David Cobeño , directeur sportif de Rayo Vallecano, l’explique bien : « Il surmonte la barrière de la langue. Techniquement il est très bon et ça aide pour l’intégration car le Rayo est une équipe plus technique que physique. Il est à l’aise. Il rentre bien dans le moule du club, s’entraîne bien, mais il faut savoir qu’il sera difficile d’entrer dans le groupe. Pas parce qu’il n’a pas la condition mais parce qu’il est difficile d’entrer dans un bloc qui a été fait depuis un certain temps. »

Al Mousa à Valladolid est lui aussi toujours accompagné d’un traducteur qui peut, lui, assister aux réunions techniques et tactiques du club. Jamais sélectionné dans le groupe, il aurait pris pour habitude d’aller voir ses coéquipiers avant les matchs. Il semble mieux gérer sa vie en Espagne.

L’accord commercial, la vraie raison de l’arrivée de ces saoudiens ?

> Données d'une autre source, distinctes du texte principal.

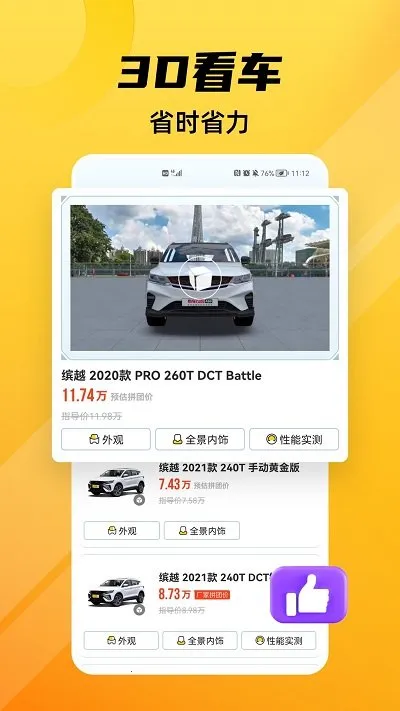 2. 提供3D看车服务,线下超1000家自营点,家门口就能看车提车。

Au vu du peu d’intérêts que ces joueurs suscitent dans leurs clubs, on attendait de voir les vraies raisons de cet accord. Ne déboursant presque pas un euro pour payer le salaire des Saoudiens, les clubs où évoluent les transfuges touchent en plus une belle prime de la part de la SAFF. Fin février, l’annonce tombe : Levante signe un partenariat commercial avec la société Jawwy. Cette entité appartient à Saudi Telecom Company et propose des abonnements téléphoniques modulaires qui rencontrent un vrai succès auprès des jeunes. Cet accord va encore apporter près de 3 millions dans les caisses du club. Logiquement, Jawwy va signer d’autres accords commerciales avec les clubs qui ont accueillis des saoudiens cet hiver. Leganés, Villarreal, Numancia, Valladolid et même le Rayo vont être sponsorisés par la société de télécom saoudienne.

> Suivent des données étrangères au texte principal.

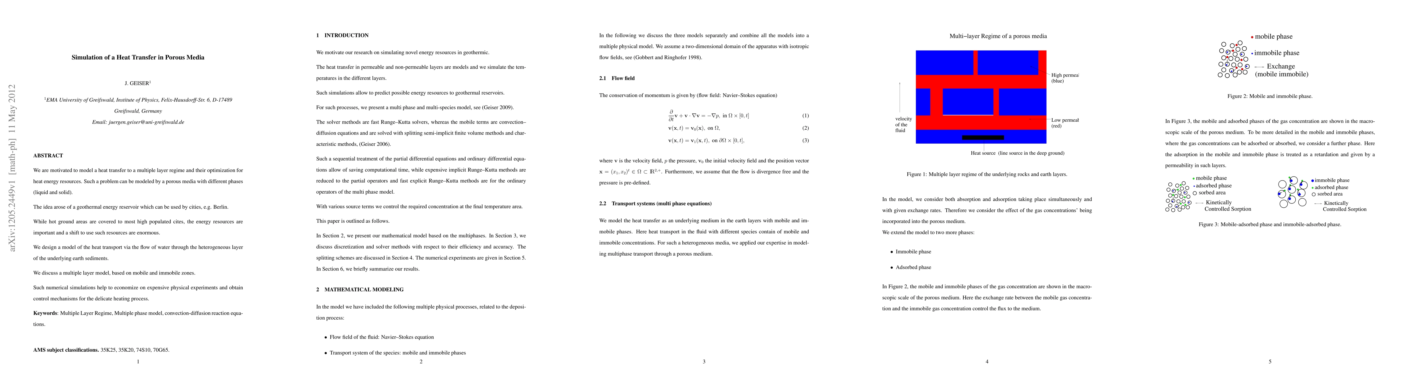 Researchers developed a model to simulate heat transfer in porous media for geothermal energy applications, aiming to optimize heat energy resources for cities like Berlin. The study focused on multiple layer models with mobile and immobile zones to improve efficiency of the heating process.

Crédits : Diarodesevilla.es

Cet accord commercial va dans le sens du deal signé entre la Liga et la SAFF. L’objectif est de donner de la visibilité à des clubs moins connus du championnat espagnol dans une région très friande de football. Jawwy, coeur de cible de cet accord, est très populaire auprès de la jeune génération. Au Moyen Orient, les jeunes sont ultra-connectés et beaucoup d’opérateurs proposent des forfaits qui offrent simplement le droit à des donnés internet.

Les clubs qui ont reçu des Saoudiens sont très actifs sur les réseaux. Certains comme Villarreal ont même lancé des comptes Twitter en arabe. Le deal a fait exploser les interactions des comptes des clubs concernés. Cependant, cet emballement a aussi ses ratés Lorsque Leganés fait un tweet pour annoncé que le capitaine portera un brassard avec les couleurs de la LGBT, les fans saoudiens ont été un poil virulent en réponse. C’est aussi ça, le choc des cultures.

On va donc avoir des pubs dans le royaume saoudien avec joueurs de Villarreal ou Levante, chose encore totalement improbable il y a quelques mois. Cependant, cet accord va faire un mal fou à la carrière des joueurs envoyés en première ligne alors qu’il peut être une réussite totale pour les clubs concernés. Bienvenue dans le foot business, bienvenue dans le foot moderne.